FISSURE VEIN A crack or
cleft in the earth's crust filled with mineral matter distinguished from other veins because it cuts all other formations instead
of yielding to them.
FLOAT Loose ore or rock
detached from the original formation.
FLUME
A pipe or trough to convey water.
FLUX Substance used to
promote the fusion of ores.
FOOT-WALL Layer of rock
beneath the vein.
FREE-MILLING Ores that
will separate by simple methods.
GANGE
The waste stuff of an ore.
HANGING WALL The layer
of rock, or wall, over a lode.
HEADING
A vein of ore above the drift.
HORSE A body of rock of
same character as the wall-rock occurring in the course of the vein.
IN PLACE
A vein, or ore, in its original position.
JIG
A machine for concentrating ore by means of water.
JUMP
Locating on another's claim.
LEVEL A horizontal passage
or drift into a mine from a shaft.
LITTLE GIANT A jointed iron nozzle used in hydraulic mining.

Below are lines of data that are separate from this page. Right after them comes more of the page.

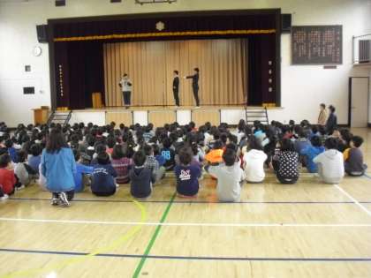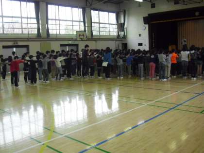 今年度第1回の体育朝会は、体育館で、整列について、学習しました。
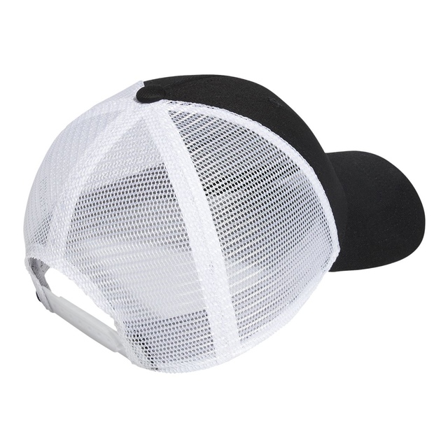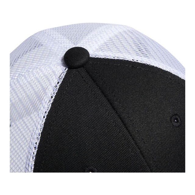 The adidas Men's Trucker Hat is designed with a structured six-panel silhouette and breathable mesh back panels. This one-size-fits-most adidas hat features a pre-curved brim and adjustable snapback closure, upholding the Better Cotton Initiative to support sustainable cotton farming.
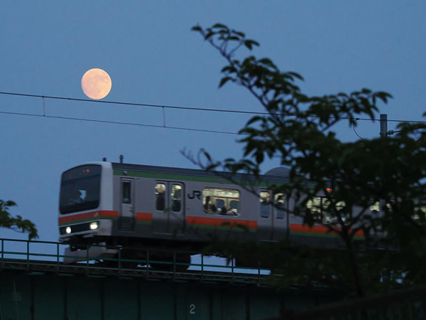 ●月に見送られて、薄暮の鉄橋を渡って行きました。
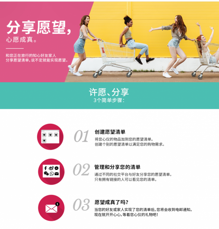 另外,樟宜网上免税店还推出了Share A Wish List 分享愿望
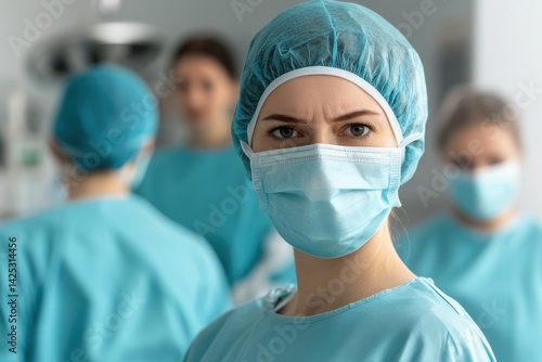 Focused Healthcare Worker in Surgical Attire Amidst Hospital Setting

LODE, LEAD, LEDGE A body of ore.
MILL
RUN A test of the value of a given quantity of ore.
ORES Compound ot metal with oxygen, sulphur, arsenic, etc.
OUTCROP That portion of a vein showing at the surface.
PANNING Separating gold from gange or gravel by washing.
PAY STREAK The richest streak in the vein.
PATENT The government's deed.
PINCH Contraction of the vein.
PITCH The slope or dip of the vein.
PLACER
A surface mine.
POCKET A rich spot in a vein or deposit.
PROSPECTING Searching for mineral veins.
RAISE
Excavating or tunneling a shaft upwards from an exhisting level. (See also UPRAISE)
RESERVES Mineral standing in mines between shafts and
levels that will pay to extract.
RETORT Amalgam after distillation; gold combined with
other metals.
SALTING
Placing foreign ore in the crevices of a vein.
SAMPLING WORKS or SAMPLING MILL Works for
sampling and determining the values obtained in ores; where ores are bought and sold.
SCHISTOSE Granite rock having a slaty structure.
SHAFT A vertical or inclined passage into a mine.
SHIFT A miner's work for one day.
SLUICES Troughs in which ore is washed.
SPIT
To lignt a fuse.
SPREADER Timber stretched across a shaft or slope.
SPUR A branch of a vein.
STAMP-MILL A mill for crushing ores by means of stamps.
STOPING Excavating the ore from the roof or floor of a drift.
TAILINGS The refuse left after washing ores containing
metals not saved in the first treatment.
TRIBUTER A miner working as a lessee.
UPRAISE
A shaft or winze excavated upwards.
WASH Loose rock and dirt.
WHIM A machine used for raising ore or refuse.
WHIP Apparatus for hoisting ore from a shaft.
WINZE An interior shaft sunk from one level to another.